Records from a data collection:
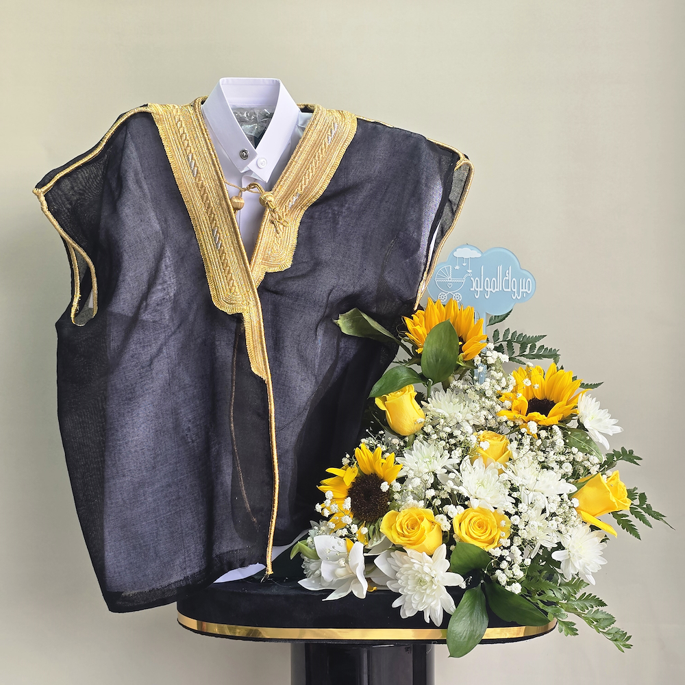 باقة زهور تضم زهور الجوري، الكريز، الجبسوفيلا وعباد الشمس، مرتبة بشكل جميل في ستاند مخملي. تأتي مع بشت وثوب سعودي.
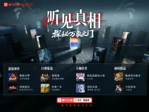 2025喜马拉雅悬疑季将持续至11月26日。即日起,打开喜马拉雅App,搜索"悬疑季",进入"听见真相·探秘万象之门"活动页面,即可畅享海量高品质悬疑内容,加入这场沉浸式互动探秘之旅。
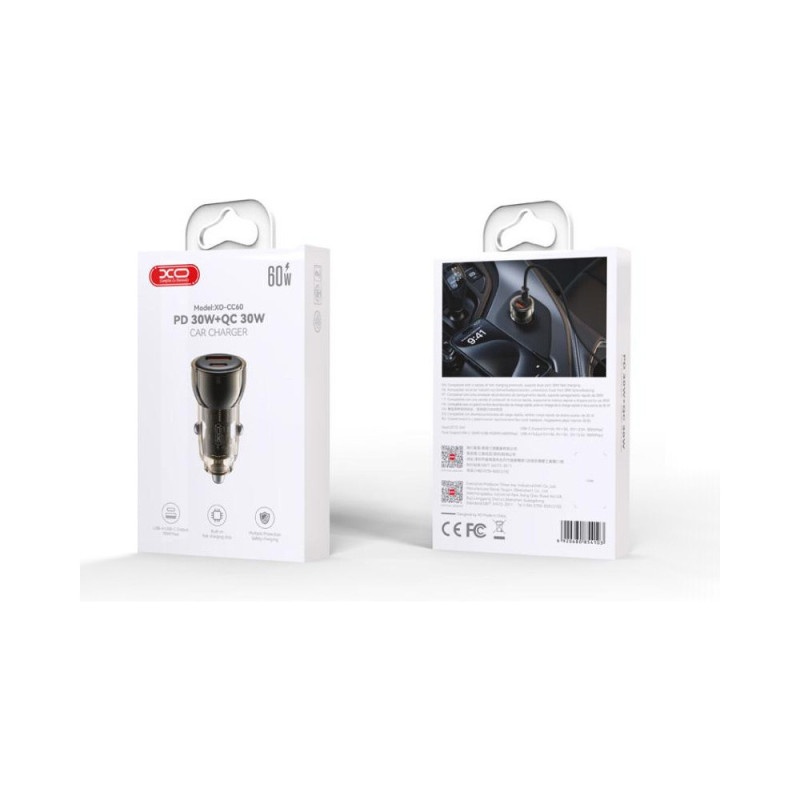 Incarcator auto, 60W, 3A, 1xUSB-A si 1xTypeC XO CC60
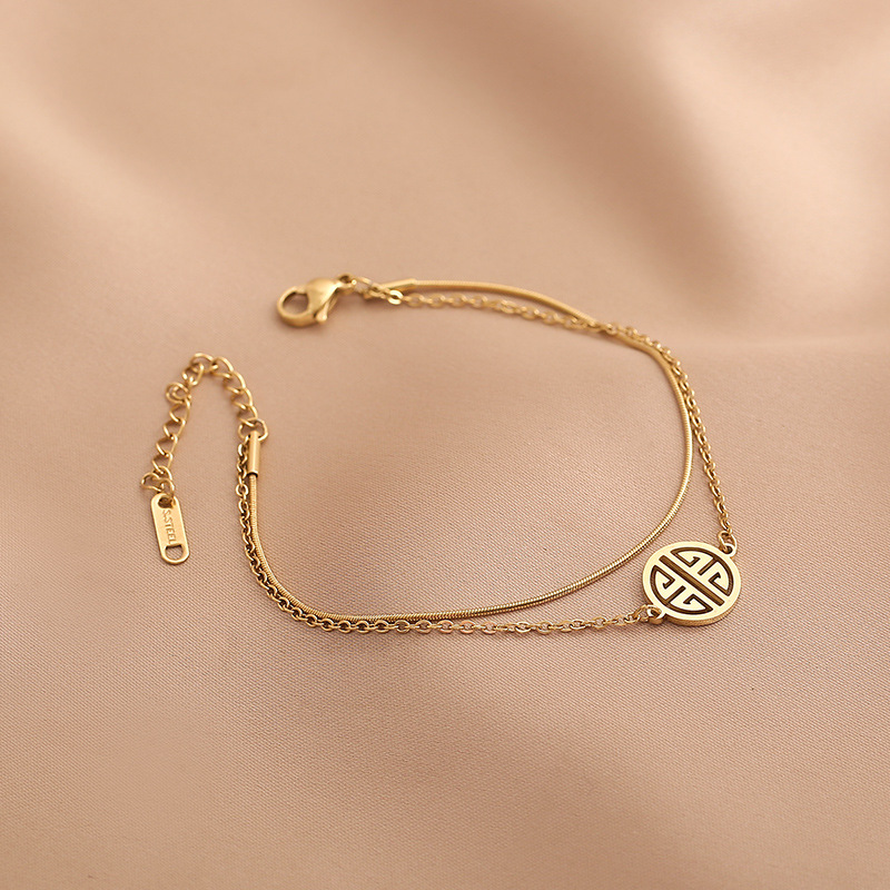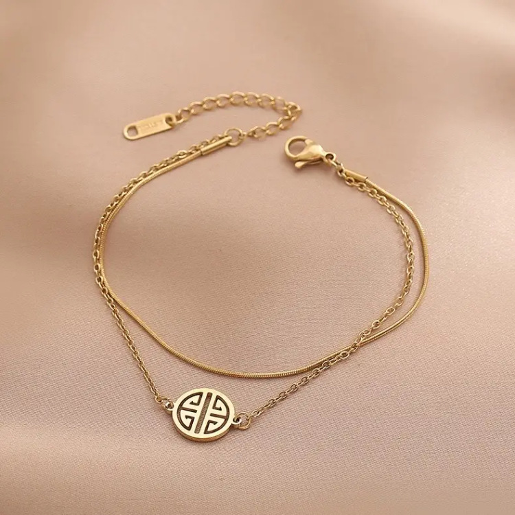 Korean ins Cold Style Simple Temperament Fu Brand Anklet Lucky Personality Round Brand Double Layer Titanium Steel Gold Anklet for Women
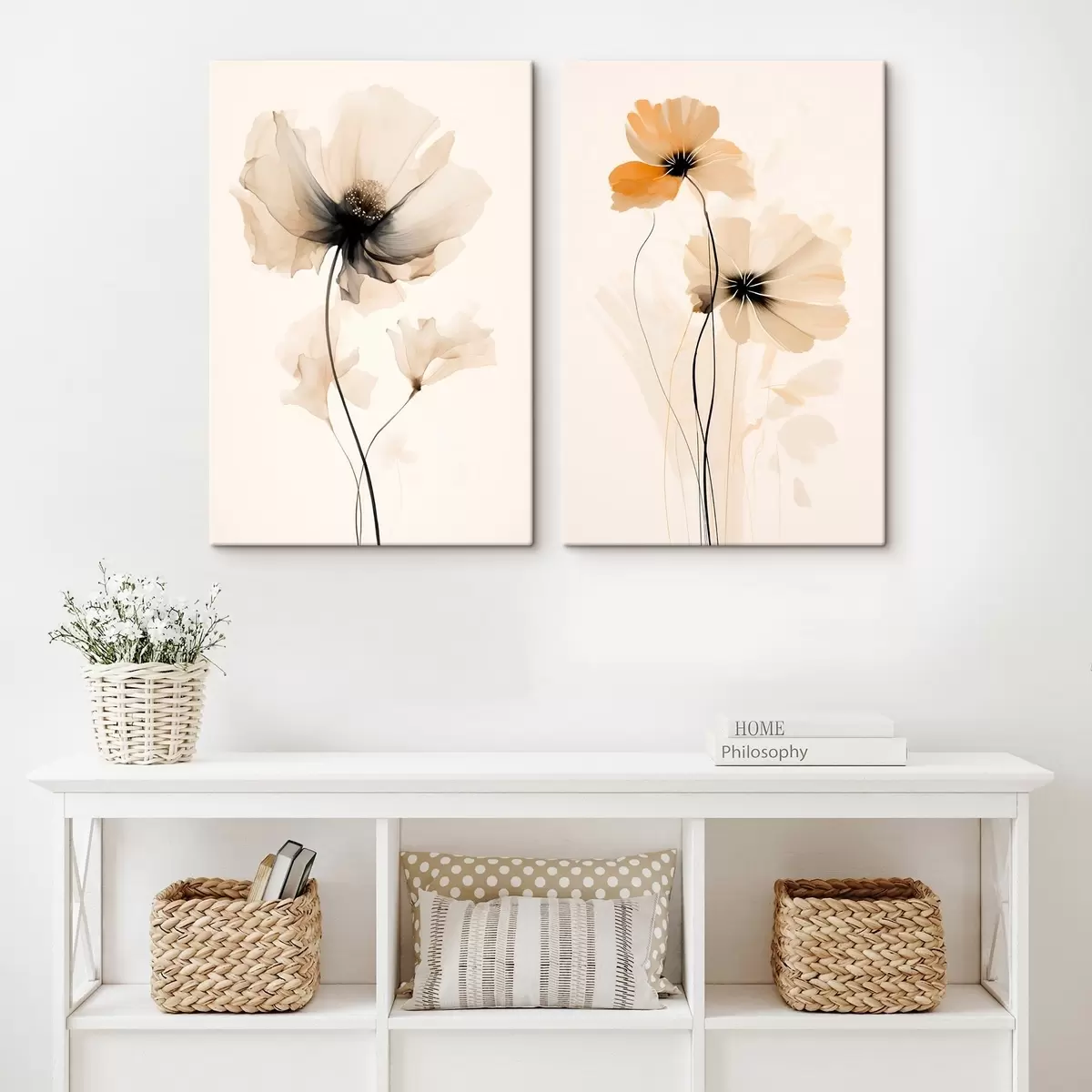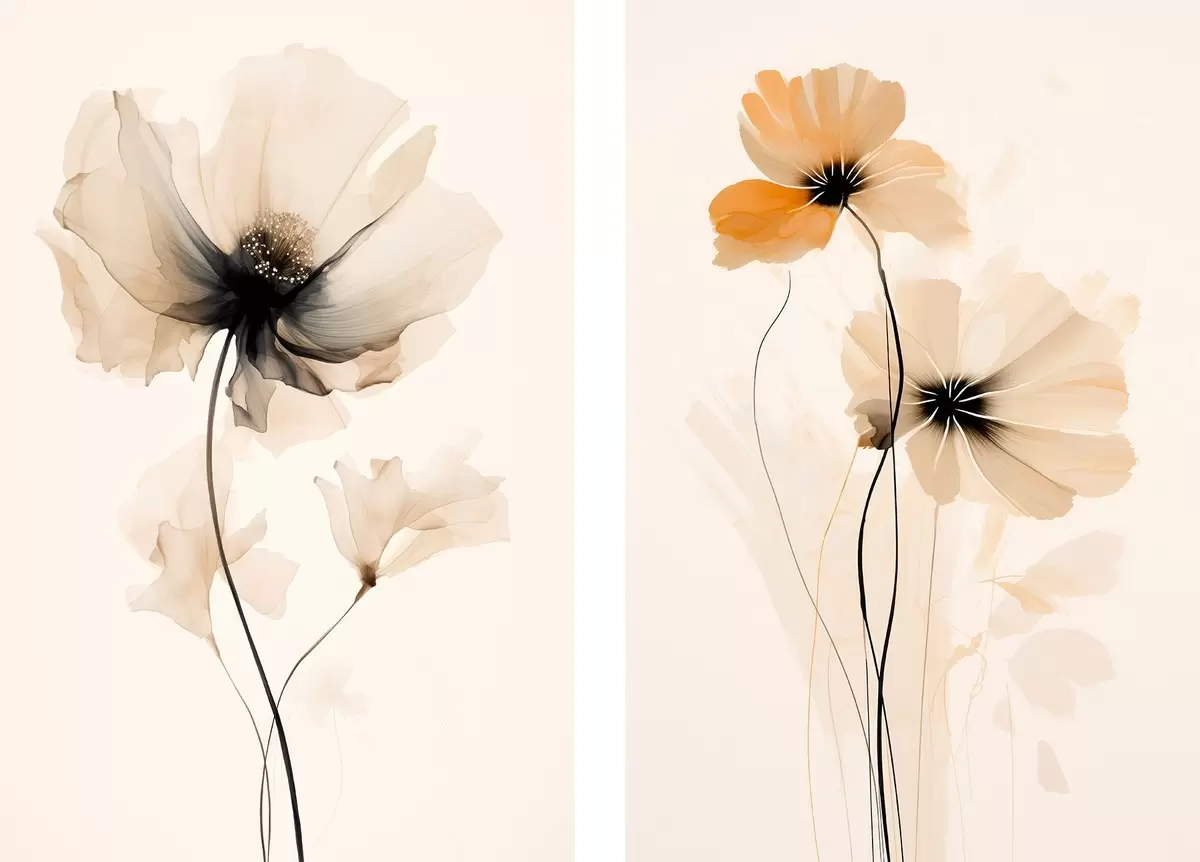 Schilderij Lichte aquarelpapavers met zachte schaduwen en luchtige ruimte Art. m01091
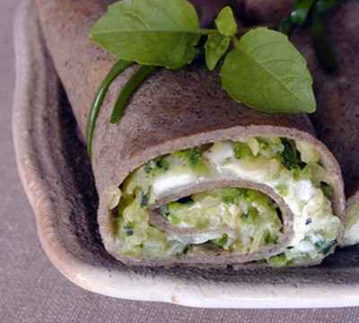 Une fois la galette cuite, rouler la galette, la couper en deux et l'attacher avec un brin de ciboulette.
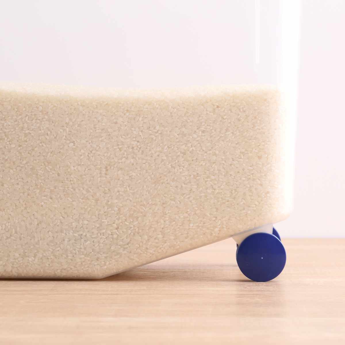 後ろにはキャスターが付いているので、重たいお米もラクに引き出せます。
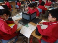 学年みんなで役割を分担して、6年生へのプレゼントづくりをしています。一つ一つ、心を込めて仕上げます。
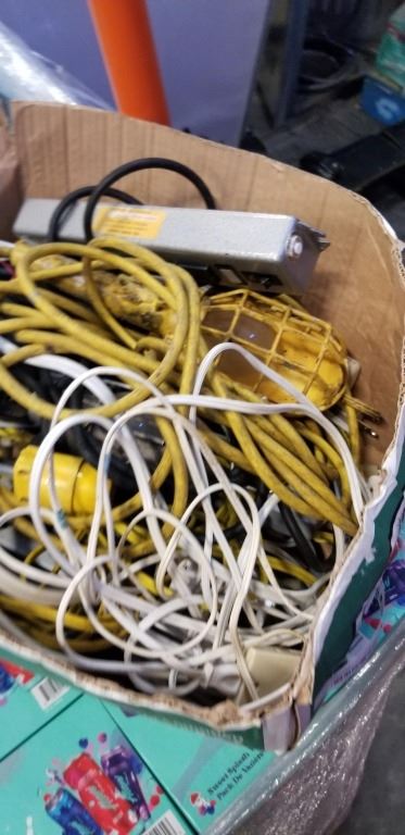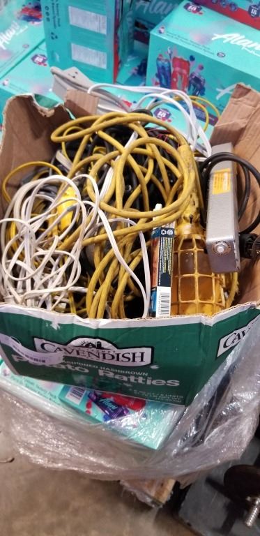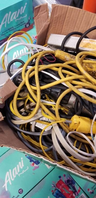 BIN OF EXTENSION CORDS AND POWER BARS
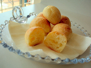 タピオカ粉と薄力粉、バター、チーズ、卵、牛乳などで生地を作り、一口大に丸めてオーブンで焼き上げます。
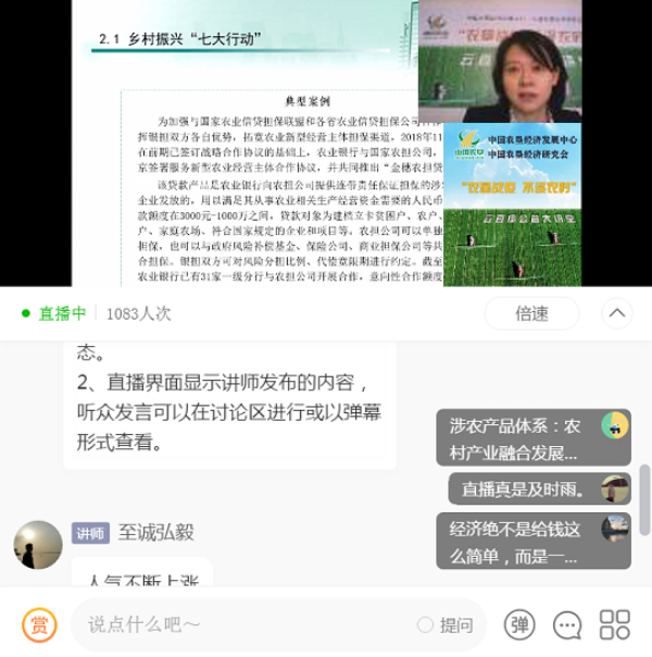 為貫徹落實(shí)中央關(guān)于統(tǒng)籌推進(jìn)新冠肺炎疫情防控和經(jīng)濟(jì)社會(huì)發(fā)展工作的部署要求,4月3日上午,由中國(guó)農(nóng)墾經(jīng)濟(jì)發(fā)展中心、中國(guó)農(nóng)墾經(jīng)濟(jì)研究會(huì)主辦的“農(nóng)墾戰(zhàn)疫 不誤農(nóng)時(shí)”云直播公益大講堂首場(chǎng)開(kāi)講。直播由中國(guó)農(nóng)墾經(jīng)濟(jì)發(fā)展中心副主任、中國(guó)農(nóng)墾經(jīng)濟(jì)研究會(huì)秘書長(zhǎng)陳忠毅主持,邀請(qǐng)中國(guó)農(nóng)業(yè)銀行總行三農(nóng)對(duì)公業(yè)務(wù)部農(nóng)業(yè)金融處處長(zhǎng)何源源講授《“三農(nóng)”金融服務(wù)助力農(nóng)墾發(fā)展》,全國(guó)各墾區(qū)、農(nóng)場(chǎng)及相關(guān)單位人員1400余人在線觀看,反響熱烈,效果良好。
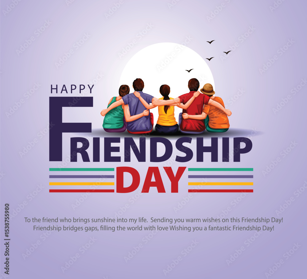 Fototapete Happy international friendship day greeting card, back view of friends group

# TASK REQUIREMENTS:
Will you restate every entry word for word and omit the images?

# OUTPUT FOR THIS TASK:
 باقة زهور تضم زهور الجوري، الكريز، الجبسوفيلا وعباد الشمس، مرتبة بشكل جميل في ستاند مخملي. تأتي مع بشت وثوب سعودي.
 2025喜马拉雅悬疑季将持续至11月26日。即日起,打开喜马拉雅App,搜索"悬疑季",进入"听见真相·探秘万象之门"活动页面,即可畅享海量高品质悬疑内容,加入这场沉浸式互动探秘之旅。
 Incarcator auto, 60W, 3A, 1xUSB-A si 1xTypeC XO CC60
 Korean ins Cold Style Simple Temperament Fu Brand Anklet Lucky Personality Round Brand Double Layer Titanium Steel Gold Anklet for Women
 Schilderij Lichte aquarelpapavers met zachte schaduwen en luchtige ruimte Art. m01091
 Une fois la galette cuite, rouler la galette, la couper en deux et l'attacher avec un brin de ciboulette.
 後ろにはキャスターが付いているので、重たいお米もラクに引き出せます。
 学年みんなで役割を分担して、6年生へのプレゼントづくりをしています。一つ一つ、心を込めて仕上げます。
 BIN OF EXTENSION CORDS AND POWER BARS
 タピオカ粉と薄力粉、バター、チーズ、卵、牛乳などで生地を作り、一口大に丸めてオーブンで焼き上げます。
 為貫徹落實(shí)中央關(guān)于統(tǒng)籌推進(jìn)新冠肺炎疫情防控和經(jīng)濟(jì)社會(huì)發(fā)展工作的部署要求,4月3日上午,由中國(guó)農(nóng)墾經(jīng)濟(jì)發(fā)展中心、中國(guó)農(nóng)墾經(jīng)濟(jì)研究會(huì)主辦的“農(nóng)墾戰(zhàn)疫 不誤農(nóng)時(shí)”云直播公益大講堂首場(chǎng)開(kāi)講。直播由中國(guó)農(nóng)墾經(jīng)濟(jì)發(fā)展中心副主任、中國(guó)農(nóng)墾經(jīng)濟(jì)研究會(huì)秘書長(zhǎng)陳忠毅主持,邀請(qǐng)中國(guó)農(nóng)業(yè)銀行總行三農(nóng)對(duì)公業(yè)務(wù)部農(nóng)業(yè)金融處處長(zhǎng)何源源講授《“三農(nóng)”金融服務(wù)助力農(nóng)墾發(fā)展》,全國(guó)各墾區(qū)、農(nóng)場(chǎng)及相關(guān)單位人員1400余人在線觀看,反響熱烈,效果良好。
 Fototapete Happy international friendship day greeting card, back view of friends group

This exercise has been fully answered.